Dengan sistem suara terbuka berdasarkan suara terbanyak, orang akan berusaha untuk meraih simpati yang salah satu caranya dengan memberikan uang atau barang untuk membuat masyarakat memilih secara langsung.
“Nah, kemudian tingkat korupsi akibat dari itu. Apabila orangnya sudah terpilih, menduduki jabatan publik, otomatis kalau biaya politik atau biaya kampanye yang dikeluarkan besar akan juga merangsang korupsi,” terang Anggota Fraksi Golkar, Hetifah Sjaifudian, di Jakarta, Rabu (18/1).
Selain itu, bentuk kompensasi atau kompetisi yang ada di dalam internal partai juga dinilai sangat merusak. Terpenting pula tidak ada efek penguatan partai politik.
Hetifah menilai, peran partai politik menjadi minimal dan lebih kepada peran daripada individu-individu caleg yang bersangkutan. Sehingga partai politik sebagai lembaga dan pilar dari demokrasi itu melemah.
“Yang kita inginkan politik diperkuat tapi juga orang-orang terpilih jangan sampai semata-mata karena akses mereka kepada dana atau popularitas,” jelas Hetifah.
Golkar ingin nanti orang-orang yang duduk di DPR ataupun menduduki jabatan-jabatan publik adalah mereka yang memiliki kompetensi dan sudah memiliki pengalaman di dalam organisasi maupun pelayanan publik.
Namun bila menggunakan sistem tertutup, sudah teridentifikasi akan ada perbaikan. Pertama, masalah demokrasi internal di dalam partai. Parpol mau tak mau harus memperbaiki proses, khususnya metoda pencalonan dan sistem rekruitmen calegnya.

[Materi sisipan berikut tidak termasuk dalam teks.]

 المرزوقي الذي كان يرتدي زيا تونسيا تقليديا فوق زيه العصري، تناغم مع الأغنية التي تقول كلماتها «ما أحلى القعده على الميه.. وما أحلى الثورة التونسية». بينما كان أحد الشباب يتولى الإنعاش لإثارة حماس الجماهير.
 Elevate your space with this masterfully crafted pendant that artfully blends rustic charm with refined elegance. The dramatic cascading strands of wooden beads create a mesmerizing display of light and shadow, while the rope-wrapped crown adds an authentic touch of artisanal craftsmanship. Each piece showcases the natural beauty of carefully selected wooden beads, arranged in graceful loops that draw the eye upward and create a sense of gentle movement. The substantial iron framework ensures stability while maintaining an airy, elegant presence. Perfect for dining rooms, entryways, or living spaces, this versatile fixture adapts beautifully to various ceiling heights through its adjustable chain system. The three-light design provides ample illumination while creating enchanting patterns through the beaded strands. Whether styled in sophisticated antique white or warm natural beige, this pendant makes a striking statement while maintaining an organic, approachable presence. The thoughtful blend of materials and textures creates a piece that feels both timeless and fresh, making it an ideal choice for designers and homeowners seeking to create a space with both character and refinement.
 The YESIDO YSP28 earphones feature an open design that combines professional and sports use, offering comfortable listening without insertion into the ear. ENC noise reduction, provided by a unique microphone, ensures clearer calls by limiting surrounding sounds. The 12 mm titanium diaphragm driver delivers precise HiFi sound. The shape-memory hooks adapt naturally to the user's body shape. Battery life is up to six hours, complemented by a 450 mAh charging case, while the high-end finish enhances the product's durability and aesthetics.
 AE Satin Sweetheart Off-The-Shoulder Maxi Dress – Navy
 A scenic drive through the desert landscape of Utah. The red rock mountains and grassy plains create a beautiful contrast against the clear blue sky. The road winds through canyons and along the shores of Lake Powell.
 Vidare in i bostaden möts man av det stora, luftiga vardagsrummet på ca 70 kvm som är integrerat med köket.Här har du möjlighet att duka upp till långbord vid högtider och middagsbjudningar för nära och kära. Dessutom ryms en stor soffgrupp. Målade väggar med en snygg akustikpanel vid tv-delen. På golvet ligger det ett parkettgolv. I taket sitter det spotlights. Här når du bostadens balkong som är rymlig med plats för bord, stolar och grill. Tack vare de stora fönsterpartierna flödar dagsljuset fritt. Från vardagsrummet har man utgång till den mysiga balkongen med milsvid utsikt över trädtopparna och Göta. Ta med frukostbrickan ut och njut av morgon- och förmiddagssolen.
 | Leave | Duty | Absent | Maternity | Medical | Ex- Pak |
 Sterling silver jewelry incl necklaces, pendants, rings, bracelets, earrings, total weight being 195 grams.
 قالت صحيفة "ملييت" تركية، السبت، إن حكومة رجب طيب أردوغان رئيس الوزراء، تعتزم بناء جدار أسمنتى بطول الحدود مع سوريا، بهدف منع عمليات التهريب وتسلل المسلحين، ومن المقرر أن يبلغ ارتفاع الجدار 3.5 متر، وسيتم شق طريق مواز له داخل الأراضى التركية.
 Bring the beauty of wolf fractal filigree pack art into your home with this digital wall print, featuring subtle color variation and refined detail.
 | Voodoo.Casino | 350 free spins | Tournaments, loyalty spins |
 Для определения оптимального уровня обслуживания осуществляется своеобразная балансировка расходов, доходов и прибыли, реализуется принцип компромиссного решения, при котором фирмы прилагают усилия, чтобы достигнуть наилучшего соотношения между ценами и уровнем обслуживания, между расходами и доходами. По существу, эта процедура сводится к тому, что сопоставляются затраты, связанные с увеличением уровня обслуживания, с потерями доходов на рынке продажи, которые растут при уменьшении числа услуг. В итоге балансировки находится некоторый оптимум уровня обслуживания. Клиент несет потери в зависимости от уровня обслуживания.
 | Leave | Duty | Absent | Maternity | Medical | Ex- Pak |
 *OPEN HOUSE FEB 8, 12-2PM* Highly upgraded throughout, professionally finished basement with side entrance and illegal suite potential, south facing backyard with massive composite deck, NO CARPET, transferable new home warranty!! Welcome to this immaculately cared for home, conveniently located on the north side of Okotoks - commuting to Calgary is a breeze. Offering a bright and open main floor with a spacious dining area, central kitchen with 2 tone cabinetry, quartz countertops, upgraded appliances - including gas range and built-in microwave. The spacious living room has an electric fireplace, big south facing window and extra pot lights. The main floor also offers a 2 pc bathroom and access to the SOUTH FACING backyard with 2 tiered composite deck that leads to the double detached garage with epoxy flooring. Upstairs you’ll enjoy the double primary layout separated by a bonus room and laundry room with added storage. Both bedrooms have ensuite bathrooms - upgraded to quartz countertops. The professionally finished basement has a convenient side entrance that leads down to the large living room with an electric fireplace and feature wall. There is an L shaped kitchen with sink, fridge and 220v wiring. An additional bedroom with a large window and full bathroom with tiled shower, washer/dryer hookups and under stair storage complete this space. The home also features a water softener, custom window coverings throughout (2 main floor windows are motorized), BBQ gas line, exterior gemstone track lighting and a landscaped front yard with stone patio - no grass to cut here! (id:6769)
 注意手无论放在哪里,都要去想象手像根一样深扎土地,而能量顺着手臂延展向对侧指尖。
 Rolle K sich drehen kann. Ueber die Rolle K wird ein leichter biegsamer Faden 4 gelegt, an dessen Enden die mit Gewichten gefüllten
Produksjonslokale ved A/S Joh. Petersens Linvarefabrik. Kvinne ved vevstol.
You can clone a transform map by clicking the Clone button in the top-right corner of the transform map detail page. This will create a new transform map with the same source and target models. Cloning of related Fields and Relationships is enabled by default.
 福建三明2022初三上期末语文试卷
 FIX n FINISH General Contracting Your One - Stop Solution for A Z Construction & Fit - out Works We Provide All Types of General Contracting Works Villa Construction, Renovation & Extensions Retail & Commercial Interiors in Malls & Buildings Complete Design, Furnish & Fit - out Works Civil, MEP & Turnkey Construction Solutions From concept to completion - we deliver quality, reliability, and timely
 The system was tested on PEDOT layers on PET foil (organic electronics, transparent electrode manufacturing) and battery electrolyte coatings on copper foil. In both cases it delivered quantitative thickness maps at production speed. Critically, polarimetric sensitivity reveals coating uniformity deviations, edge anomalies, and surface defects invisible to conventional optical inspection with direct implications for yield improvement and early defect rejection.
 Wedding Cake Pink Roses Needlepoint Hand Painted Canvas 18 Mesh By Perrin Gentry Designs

“Itu harus sedemikian rupa bisa dipertanggungjawabkan, akuntabel, sehingga nanti dihindari model korupsi dalam artian korupsi politik di dalam partai. Itu yang harus dicegah dengan sistem yang lebih terbuka,” jelasnya.
Kedua, lanjut Anggota Komisi II DPR RI itu, apabila memakai sistem tertutup dipercaya mampu menjamin representasi. Jangan sampai, oligarki partai masih tetap menjadi faktor yang mempengaruhi proses pencalonan seseorang.
“Misalnya, dalam hal ini katakanlah representasi perempuan atau generasi muda itu tetap bisa dijaga juga,” pungkas Hetifah.